Abstract
Cancer cell stemness is essential for enabling malignant progression and clonal evolution. Cancer cell fate is likely determined by complex mechanisms involving both cell-intrinsic pathways and stress signals from tumor microenvironment. In this study, we examined the role of the tumor suppressor BRCA1 and hypoxia in the regulation of cancer cell stemness using genetically matched breast cancer cell lines. We have found that BRCA1, a multifunctional protein involved in DNA repair and epigenetic regulation, plays a critical role in the regulation of cancer stem cell (CSC)-like characteristics. Reconstitution of BRCA1 resulted in significant decrease of the CSC-like populations in breast cancer cells whereas down-regulation of BRCA1 resulted in significant increase of the CSC-like populations. Furthermore, the BRCA1-reconstituted tumor cells are more sensitive to the histone deacetylase (HDAC) inhibitor-induced loss of stemness than the BRCA1-deficient cells are. Surprisingly, hypoxia preferentially blocks HDAC inhibitor-induced differentiation of the BRCA1-reconstituted breast cancer cells.

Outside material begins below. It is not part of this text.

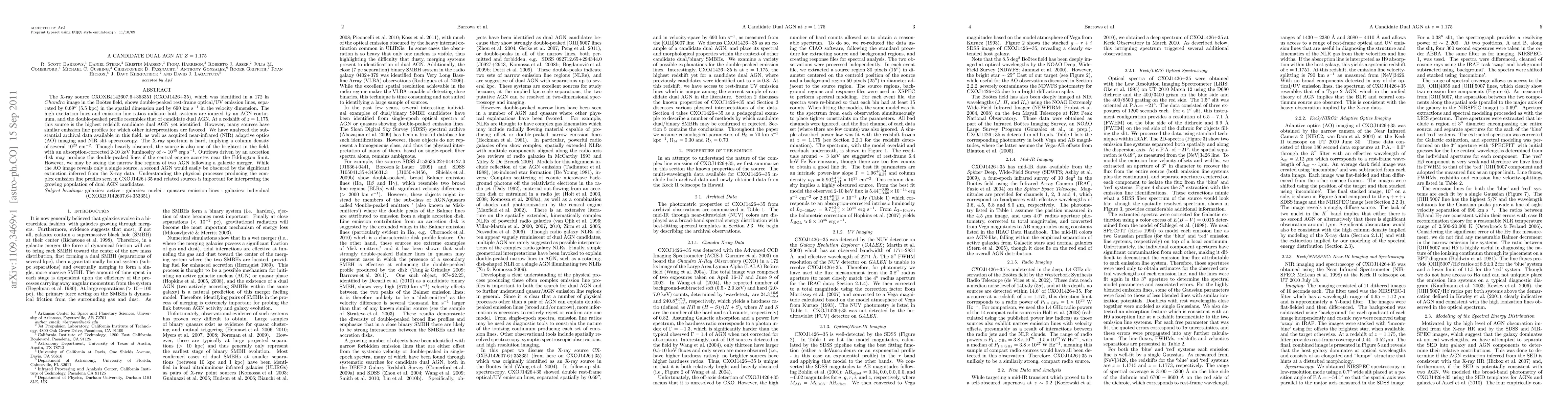 This paper identifies a high-redshift (z=1.175) X-ray source with double-peaked emission lines, suggesting a candidate dual active galactic nucleus (AGN) in the process of merging. The complex emission profiles hint at either outflows from an accretion disk or two AGNs in close proximity.

In light of the increasing numbers of clinical trials involving HDAC inhibitors in human cancers, our observations strongly suggest that the BRCA1 status and tumor hypoxia should be considered as potentially important clinical parameters that may affect the therapeutic efficacy of HDAC inhibitors.
Highlights
Tumor cells, even cell lines in vitro, consist of mixed populations some of which are capable of tumor initiation and possess stem cell-like characteristics
We found that ALDH1A1 was significantly (p = 0.0012) down-regulated in BRCA1-reconstituted cells
The cell fate of cancer cells is likely to be determined by both cell-intrinsic pathways and by stress signals from tumor microenvironment
Summary
Even cell lines in vitro, consist of mixed populations some of which are capable of tumor initiation and possess stem cell-like characteristics. BRCA1 has been shown to be required for differentiation of mammary stem/progenitor cells to luminal epithelial cells[10,11], suggesting that BRCA1 constitutes an important intrinsic pathway involved in cell fate determination. Increasing evidence shows that hypoxia, a condition of oxygen deficiency and a hallmark of tumor microenvironment (TME), up-regulates CSC-related genes, promotes self-renewal and suppresses cell differentiation[15,16]. A number of in vitro studies have shown that hypoxia or hypoxia-sensing pathways play a significant role in the maintenance of the CSC phenotype in breast cancer cells[17,18,19,20,21,22,23].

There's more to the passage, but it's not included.